• Task item
The task calls for the lines below from the line with "はじめてのにほんご日本語をは" to the line with "5.Large 2X magnifying", both ends included, copied exactly, without any pictures.

• Dataset entries

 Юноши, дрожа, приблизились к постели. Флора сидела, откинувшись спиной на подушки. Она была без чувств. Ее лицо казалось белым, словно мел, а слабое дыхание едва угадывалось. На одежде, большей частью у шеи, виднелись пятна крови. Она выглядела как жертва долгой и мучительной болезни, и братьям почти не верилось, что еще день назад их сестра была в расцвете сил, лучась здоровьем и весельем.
---
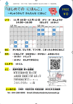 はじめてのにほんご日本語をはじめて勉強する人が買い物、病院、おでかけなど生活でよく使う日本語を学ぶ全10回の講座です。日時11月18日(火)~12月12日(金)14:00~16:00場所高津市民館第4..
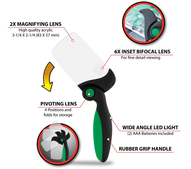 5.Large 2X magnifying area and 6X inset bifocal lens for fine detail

• Solution for this task
 はじめてのにほんご日本語をはじめて勉強する人が買い物、病院、おでかけなど生活でよく使う日本語を学ぶ全10回の講座です。日時11月18日(火)~12月12日(金)14:00~16:00場所高津市民館第4..
 5.Large 2X magnifying area and 6X inset bifocal lens for fine detail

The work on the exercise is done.